» **Required action**: What you return must match the listing below exactly, minus any pictures.

Start of Supplied information

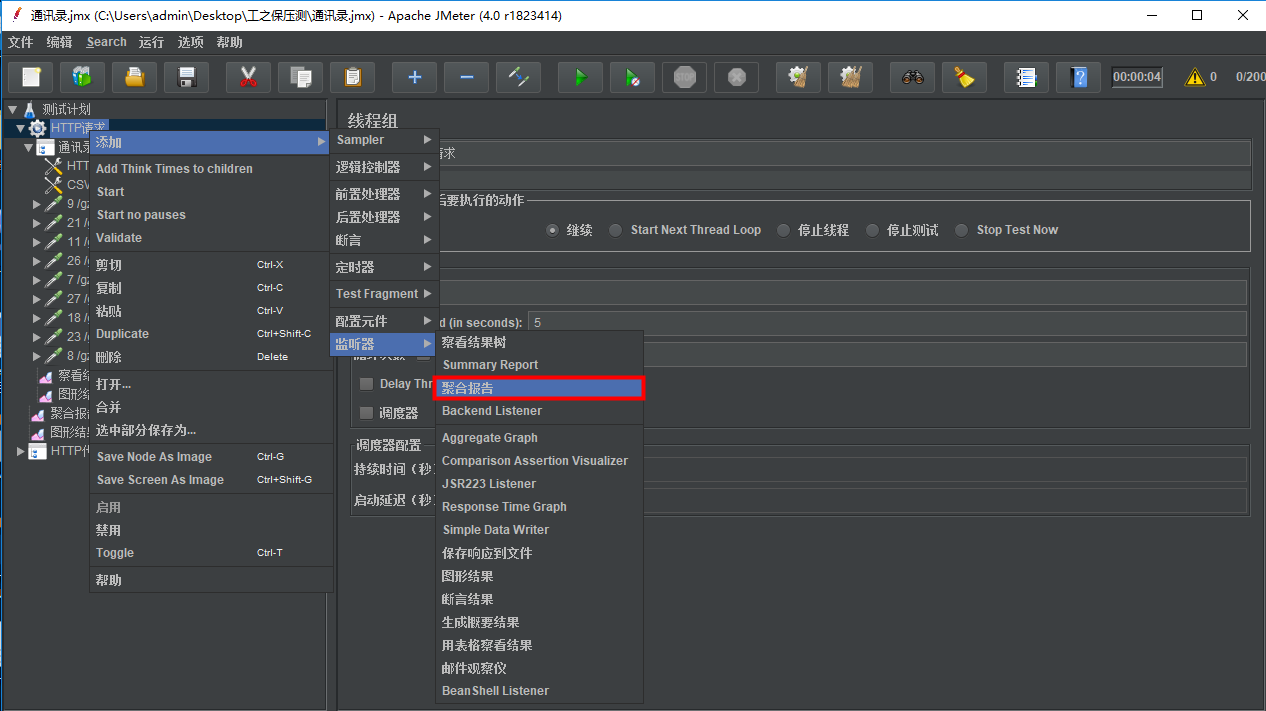 7.添加聚合报告:右键线程组→添加→监听器→聚合报告
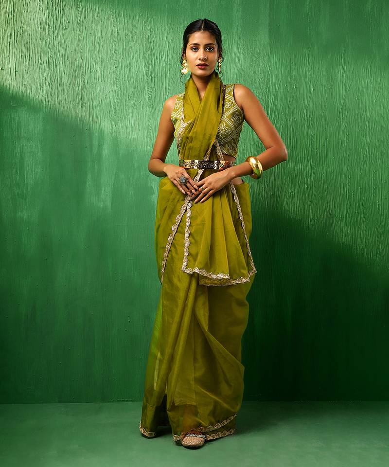 If worn with the right drape and blouse style, everyone can look stunning for Mehendi.
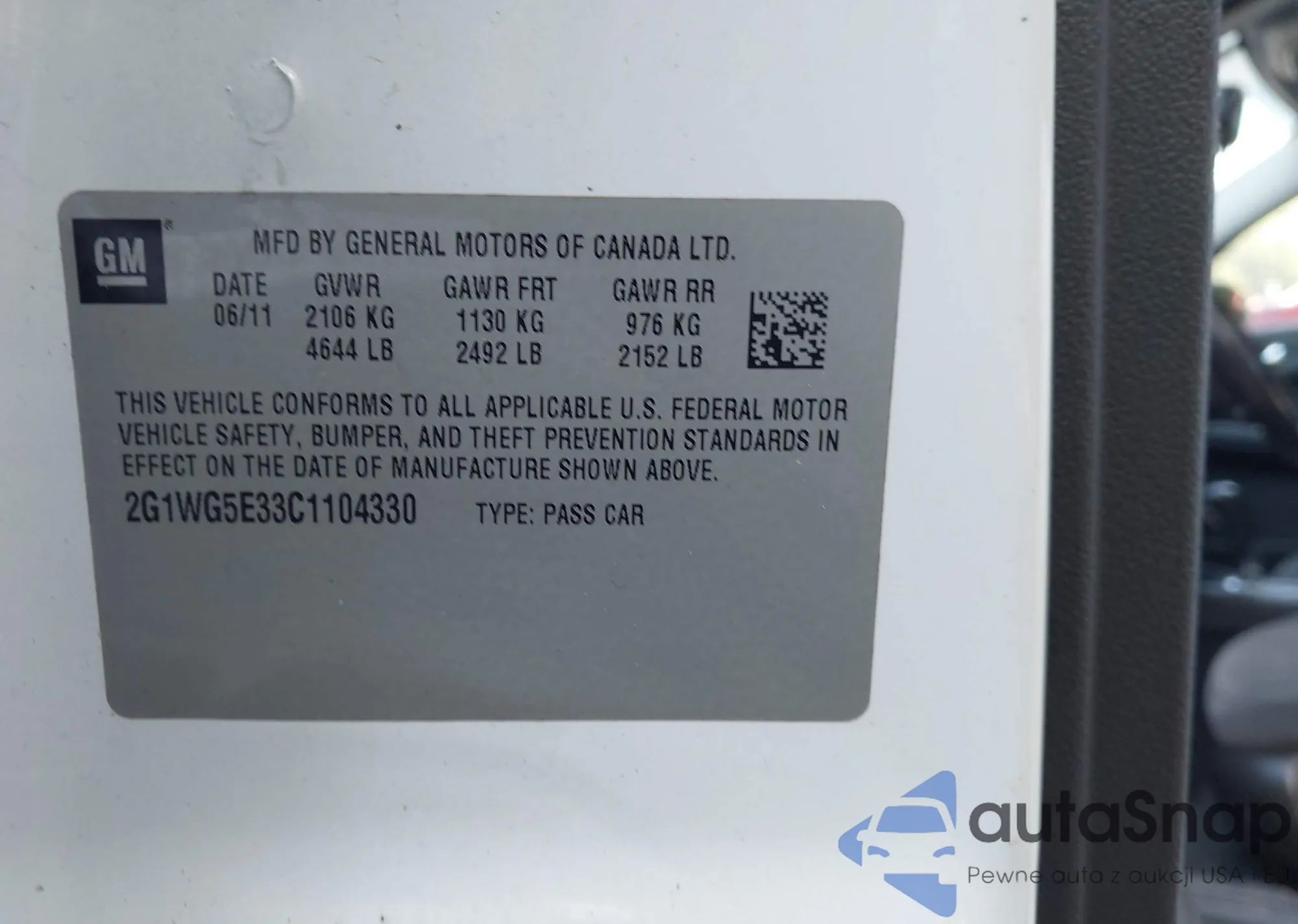 • VIN 2G1WG5E33C1104330
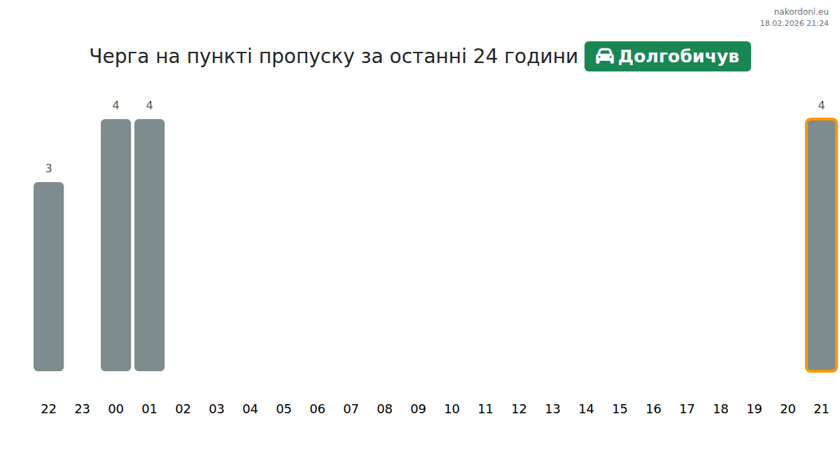 На Долгобичув очаквайте време за изчакване на леки автомобили между 15-75 минути. Избягвайте пиковите часове в 17:00, 03:00 и 02:00. Най-кратки опашки се прогнозират за 22:00, 04:00 и 05:00.

End of Supplied information

» **Result**:
 7.添加聚合报告:右键线程组→添加→监听器→聚合报告
 If worn with the right drape and blouse style, everyone can look stunning for Mehendi.
 • VIN 2G1WG5E33C1104330
 На Долгобичув очаквайте време за изчакване на леки автомобили между 15-75 минути. Избягвайте пиковите часове в 17:00, 03:00 и 02:00. Най-кратки опашки се прогнозират за 22:00, 04:00 и 05:00.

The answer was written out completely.